[[ Records supplied open ]]

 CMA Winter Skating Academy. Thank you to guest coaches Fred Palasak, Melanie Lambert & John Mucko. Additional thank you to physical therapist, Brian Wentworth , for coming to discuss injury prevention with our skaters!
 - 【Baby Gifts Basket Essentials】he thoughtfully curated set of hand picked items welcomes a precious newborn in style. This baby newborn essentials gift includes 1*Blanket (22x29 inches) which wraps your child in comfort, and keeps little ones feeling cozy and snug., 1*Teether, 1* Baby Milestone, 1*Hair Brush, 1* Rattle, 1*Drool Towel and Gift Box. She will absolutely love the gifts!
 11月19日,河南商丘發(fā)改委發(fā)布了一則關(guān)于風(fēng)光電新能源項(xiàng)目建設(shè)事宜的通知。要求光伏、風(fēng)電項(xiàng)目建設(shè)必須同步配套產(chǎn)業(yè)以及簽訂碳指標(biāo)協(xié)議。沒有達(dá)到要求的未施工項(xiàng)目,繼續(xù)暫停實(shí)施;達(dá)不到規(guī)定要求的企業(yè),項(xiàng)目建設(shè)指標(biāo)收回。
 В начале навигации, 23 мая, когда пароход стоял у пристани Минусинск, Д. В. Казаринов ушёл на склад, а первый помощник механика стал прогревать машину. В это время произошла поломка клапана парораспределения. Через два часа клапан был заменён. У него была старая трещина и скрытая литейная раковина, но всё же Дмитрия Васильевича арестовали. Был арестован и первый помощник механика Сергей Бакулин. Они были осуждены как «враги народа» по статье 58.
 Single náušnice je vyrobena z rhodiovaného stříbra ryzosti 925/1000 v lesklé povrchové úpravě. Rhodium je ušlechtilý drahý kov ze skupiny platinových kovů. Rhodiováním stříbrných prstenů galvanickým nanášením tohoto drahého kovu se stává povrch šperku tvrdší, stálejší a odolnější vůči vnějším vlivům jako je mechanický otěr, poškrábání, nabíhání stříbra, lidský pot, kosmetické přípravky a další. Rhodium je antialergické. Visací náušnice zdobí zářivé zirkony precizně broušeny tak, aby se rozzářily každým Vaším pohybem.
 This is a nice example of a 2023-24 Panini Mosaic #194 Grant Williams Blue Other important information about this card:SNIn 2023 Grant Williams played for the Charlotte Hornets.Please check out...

[[ Records supplied closed ]]
[[ Records supplied open ]]

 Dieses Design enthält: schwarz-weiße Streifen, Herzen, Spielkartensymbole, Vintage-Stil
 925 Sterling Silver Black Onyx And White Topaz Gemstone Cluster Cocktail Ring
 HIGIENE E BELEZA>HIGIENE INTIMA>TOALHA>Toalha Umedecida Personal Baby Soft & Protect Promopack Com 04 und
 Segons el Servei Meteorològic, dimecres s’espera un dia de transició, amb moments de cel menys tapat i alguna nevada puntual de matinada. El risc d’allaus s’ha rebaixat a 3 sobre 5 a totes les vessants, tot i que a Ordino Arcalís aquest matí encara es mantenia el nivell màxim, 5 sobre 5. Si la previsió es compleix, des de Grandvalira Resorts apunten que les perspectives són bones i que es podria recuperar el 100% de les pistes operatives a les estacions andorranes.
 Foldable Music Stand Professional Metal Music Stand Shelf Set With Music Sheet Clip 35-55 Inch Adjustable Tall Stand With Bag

[[ Records supplied closed ]]
[[ Records supplied open ]]

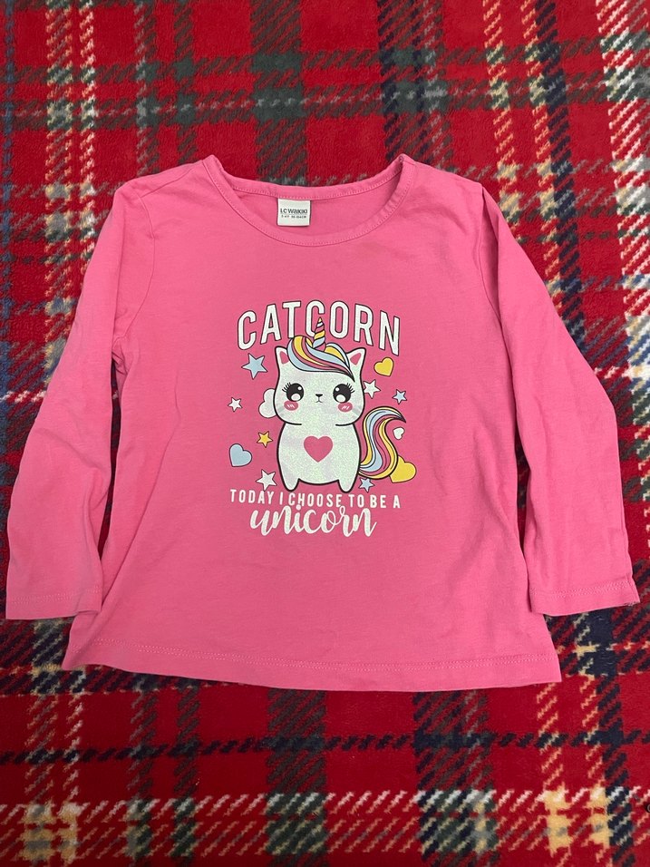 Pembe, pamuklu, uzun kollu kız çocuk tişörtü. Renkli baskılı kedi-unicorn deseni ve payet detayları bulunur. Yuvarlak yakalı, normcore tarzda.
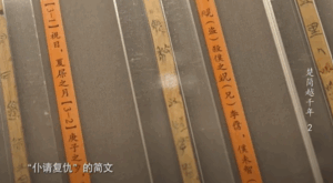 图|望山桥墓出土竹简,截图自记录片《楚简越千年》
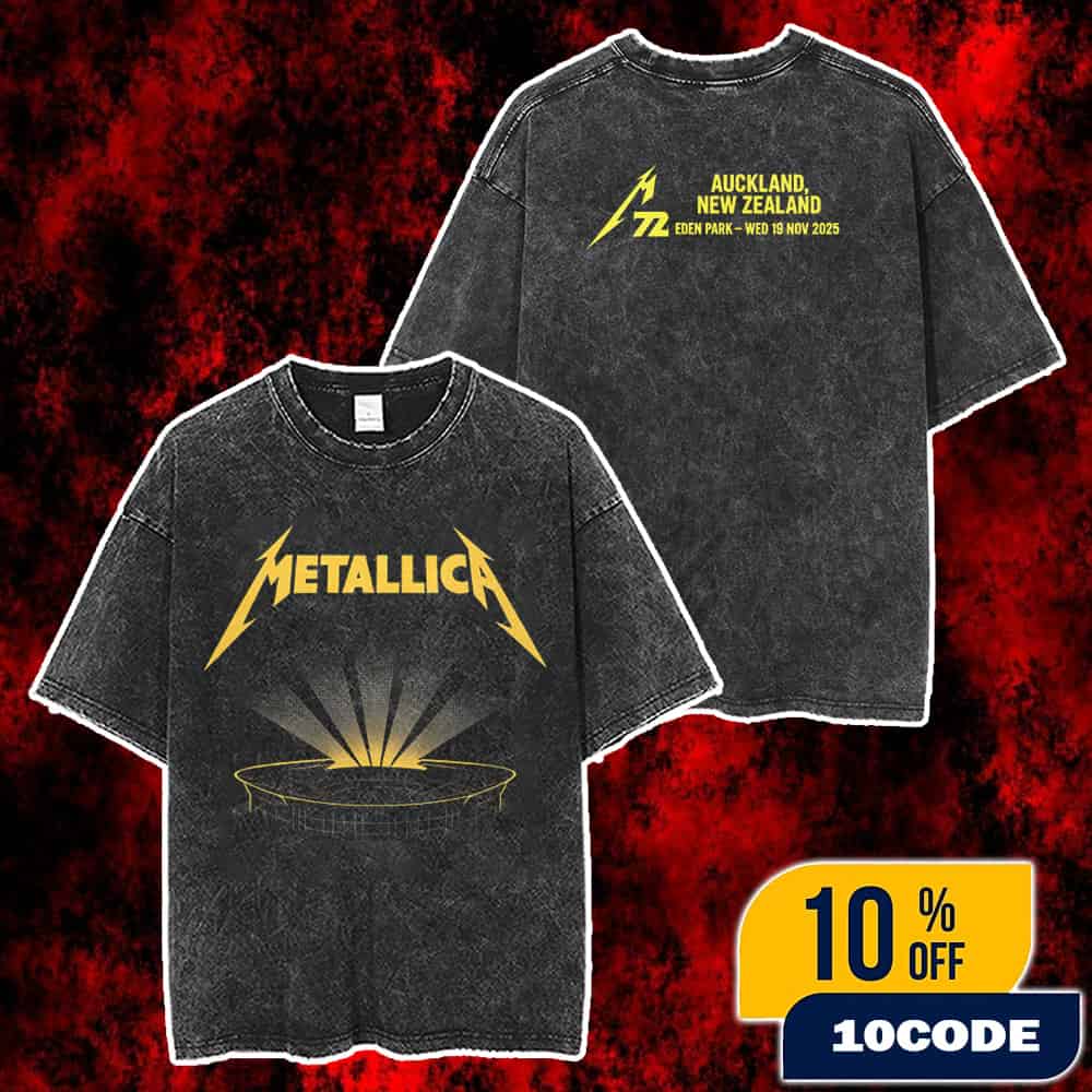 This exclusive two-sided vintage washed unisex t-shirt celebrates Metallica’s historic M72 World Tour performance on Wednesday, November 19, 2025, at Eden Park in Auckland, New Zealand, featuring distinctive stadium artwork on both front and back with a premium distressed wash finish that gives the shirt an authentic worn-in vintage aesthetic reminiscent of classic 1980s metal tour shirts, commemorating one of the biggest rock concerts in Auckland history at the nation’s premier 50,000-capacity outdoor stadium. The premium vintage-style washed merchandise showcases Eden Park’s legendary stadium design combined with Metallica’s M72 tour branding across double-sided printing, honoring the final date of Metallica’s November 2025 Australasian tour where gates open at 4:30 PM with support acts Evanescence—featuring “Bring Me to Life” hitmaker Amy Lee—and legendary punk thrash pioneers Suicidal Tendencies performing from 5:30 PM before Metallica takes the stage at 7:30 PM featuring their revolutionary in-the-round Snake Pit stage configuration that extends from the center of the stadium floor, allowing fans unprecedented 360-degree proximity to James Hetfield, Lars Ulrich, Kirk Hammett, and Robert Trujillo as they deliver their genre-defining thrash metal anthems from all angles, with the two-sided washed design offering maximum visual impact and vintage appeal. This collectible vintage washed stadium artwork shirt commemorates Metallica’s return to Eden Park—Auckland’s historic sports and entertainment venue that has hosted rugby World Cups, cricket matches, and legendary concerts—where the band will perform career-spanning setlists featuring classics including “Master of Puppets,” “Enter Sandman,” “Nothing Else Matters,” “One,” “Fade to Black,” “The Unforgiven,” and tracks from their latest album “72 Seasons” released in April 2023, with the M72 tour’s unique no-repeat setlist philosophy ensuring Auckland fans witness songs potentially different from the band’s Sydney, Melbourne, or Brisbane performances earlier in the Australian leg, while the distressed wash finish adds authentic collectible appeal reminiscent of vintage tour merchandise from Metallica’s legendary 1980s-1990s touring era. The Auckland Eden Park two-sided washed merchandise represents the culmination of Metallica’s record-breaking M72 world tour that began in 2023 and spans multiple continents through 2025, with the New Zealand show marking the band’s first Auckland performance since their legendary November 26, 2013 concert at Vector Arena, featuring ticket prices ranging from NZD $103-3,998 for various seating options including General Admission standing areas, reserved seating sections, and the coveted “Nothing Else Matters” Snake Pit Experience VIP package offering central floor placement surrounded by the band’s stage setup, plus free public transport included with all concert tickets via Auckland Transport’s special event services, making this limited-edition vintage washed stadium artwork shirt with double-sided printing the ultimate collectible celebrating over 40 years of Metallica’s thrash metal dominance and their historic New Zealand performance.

[[ Records supplied closed ]]

§ Problem
Starting at the line above that contains "- 【Baby Gifts", repeat each line exactly up to and including the line that contains "В начале навигации, 23", and stop there.

§ Solution
 - 【Baby Gifts Basket Essentials】he thoughtfully curated set of hand picked items welcomes a precious newborn in style. This baby newborn essentials gift includes 1*Blanket (22x29 inches) which wraps your child in comfort, and keeps little ones feeling cozy and snug., 1*Teether, 1* Baby Milestone, 1*Hair Brush, 1* Rattle, 1*Drool Towel and Gift Box. She will absolutely love the gifts!
 11月19日,河南商丘發(fā)改委發(fā)布了一則關(guān)于風(fēng)光電新能源項(xiàng)目建設(shè)事宜的通知。要求光伏、風(fēng)電項(xiàng)目建設(shè)必須同步配套產(chǎn)業(yè)以及簽訂碳指標(biāo)協(xié)議。沒有達(dá)到要求的未施工項(xiàng)目,繼續(xù)暫停實(shí)施;達(dá)不到規(guī)定要求的企業(yè),項(xiàng)目建設(shè)指標(biāo)收回。
 В начале навигации, 23 мая, когда пароход стоял у пристани Минусинск, Д. В. Казаринов ушёл на склад, а первый помощник механика стал прогревать машину. В это время произошла поломка клапана парораспределения. Через два часа клапан был заменён. У него была старая трещина и скрытая литейная раковина, но всё же Дмитрия Васильевича арестовали. Был арестован и первый помощник механика Сергей Бакулин. Они были осуждены как «враги народа» по статье 58.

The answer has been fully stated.